Risk management analyst Peter (Quinto) comes up with an equation that forecasts collapse of their company. Past dark, he summons up his disbelieving boss Will (Bettany) to the office. Then, others are called to verify the seriousness of the situation, and  finally CEO John Tuld (Jeremy Irons) arrives at 4 o’clock in the morning, via helicopter onto the building helipad, with an imperative that will cheat millions out of unwitting investors. It’s what you call a fire sale, the selling of mortgage securities that are worth nothing. And it doesn’t matter to this CEO that the trickledown effect will hurt the global economy.

“It’s just business,” Tuld explains to his second in command Sam Rogers (Spacey). Sam ineffectually warns Tuld that he will never be trusted by high financiers ever again if he continues this route. Tuld muses that he became rich on more than just book smarts, but on the gift of killer instinct. He selects the unwilling Sam as the fall-guy in case the firm is put under likely investigation, and has sealed the fate for his other executives. The others await the promise to be handsomely paid to perform damage control roles in the projected future, and to sign affidavits to not talk or side with law investigators or journalistic press. Insinuations are made by Tuld that he will destroy anyone who does not cooperate. Many others will be fired from the boiler room, but he has devised promotions for a few.

You look around for key individuals who possess a moral conscious to say something in protest. The sympathetic figures portrayed by Quinto and Tucci offer the most hope to raise voice against the unethical greed. Then you look at the sobering guilt but professional gusto of Sam Rogers.

Watching Kevin Spacey in this role as Sam Rogers is yet another revelation in his career. You look at him as a guy who is just ten years away from a heart attack (Or a suicide like Enron’s Kenneth Lay?). Spacey, a master at multi-meanings, delivers a compelling speech to his boiler room personnel that drives at motivating them and hinting to them, ever so discreetly and succinctly, that they are selling out their professional integrity at the same time. That’s some monster balls.

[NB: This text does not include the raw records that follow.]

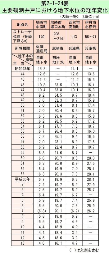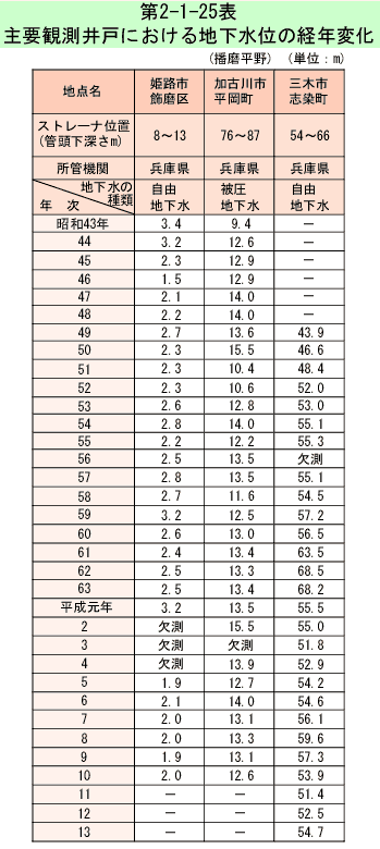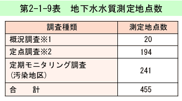 地下水質については、平成元年6月の「水質汚濁防止法」の一部改正に伴って、平成元年度から地下水の水質の測定に関する計画を定め地下水の常時監視を行っている。地下水質測定計画に基づく測定地点数は、第2-1-9表のとおりである。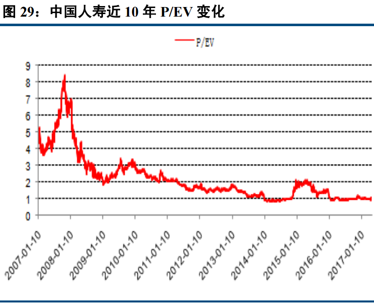 上市险企目前处于价值洼地,P/EV 均低于或者接近 1,对比近 10 年的历史 P/EV。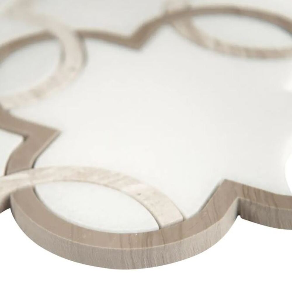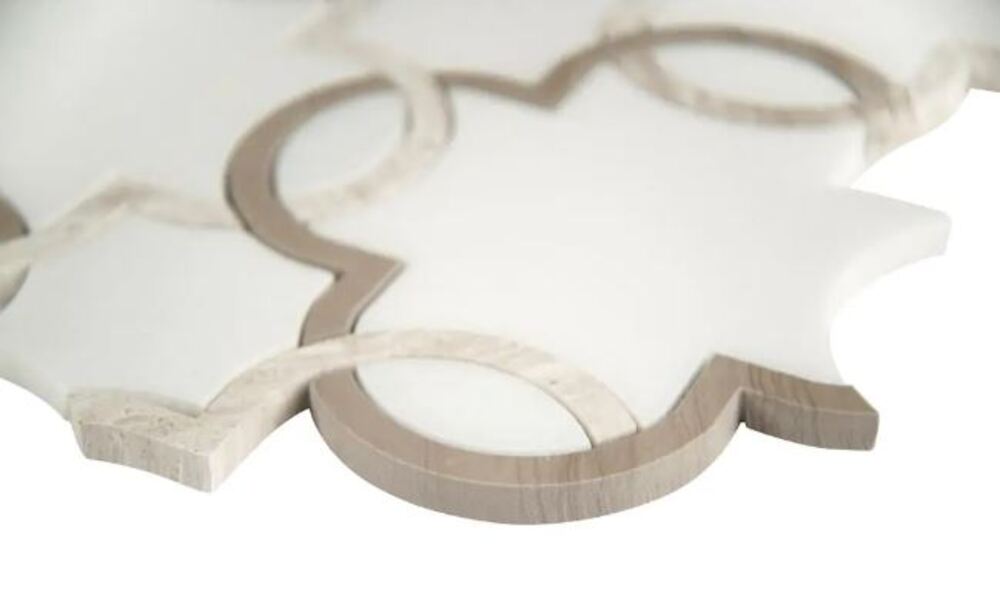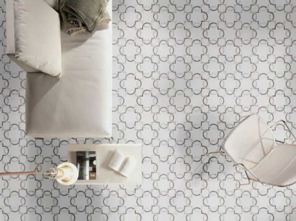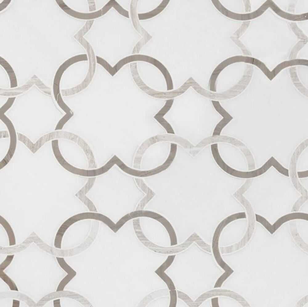 Quattuour Leaf Geometric White with Athens Grey Waterjet Marble Floor and Wall Tile for Bathroom, Kitchen Backsplashes, Accent Wall, Fireplace Surround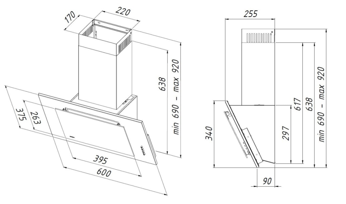 Описаниевытяжка наклонная, 60 см, 870 м3/ч, черный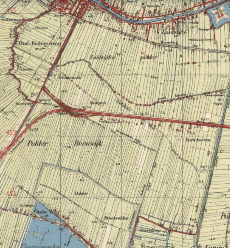 Dit slootje wat tot loopt tot op (achtergrond)de Prinsendijk heeft de topografische naam Suyderkade.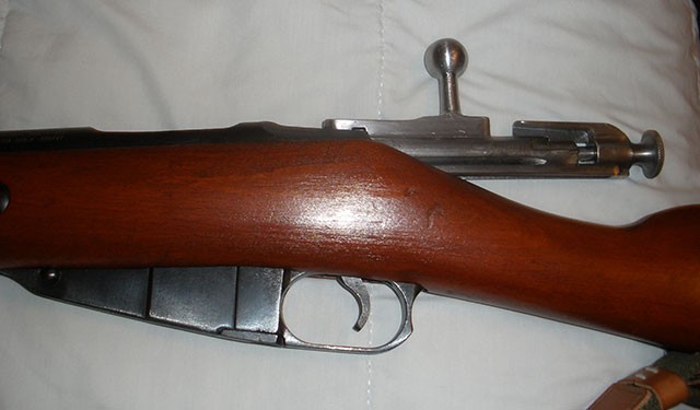 А вот тут восседающий на тренажере боец держит в руках известнейшую винтовку Мосина – причем интересно, что судя по загнутой рукояти затвора, довольно редкую снайперскую модификацию. Также бросается в глаза нелепо задранный кронштейн оптики. Очевидно, кустарного производства.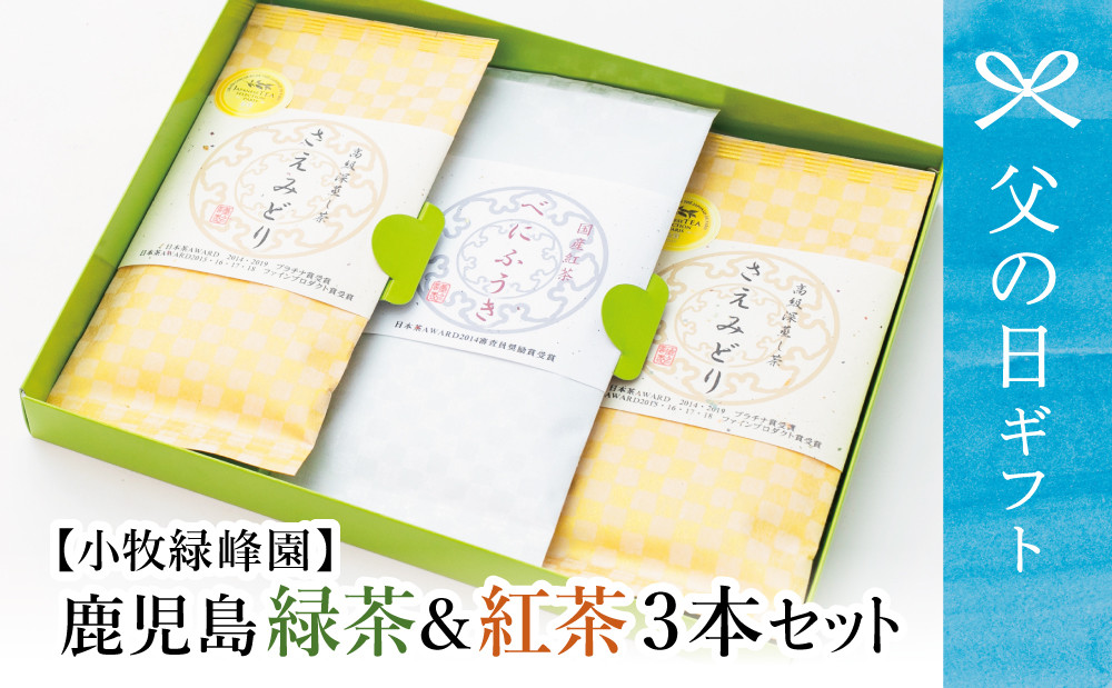 日本茶AWARDプラチナ賞「さえみどり(緑茶)」と「べにふうき(紅茶)」のセット 【父の日ギフト】【日本茶AWARD受賞】鹿児島緑茶と紅茶のセット(計250g) 鹿児島県産 かごしま お茶 日本茶 緑茶 紅茶 茶葉 小牧緑峰園 南さつま市 贈り物 ギフト 贈答用

The remarkable debut film by J.C. Chandor, “Margin Call” deserves Academy Award consideration for the screenplay and Spacey for Best Supporting Actor. I’d say it is just a little too stark and dour in its visual appearance. It invites your high-functioning brains but leaves the heart cold. For this story material, that’s OK, as long as you’re up for it.

109 Minutes. Rated R.

TIMELY DRAMA / ACTORS SHOWCASE / FALL MOVIE

Film Cousins: “Wall Street” (1987); “Enron: The Smartest Guys in the Room” (2005); “Up in the Air” (2009); “The Company Men” (2010).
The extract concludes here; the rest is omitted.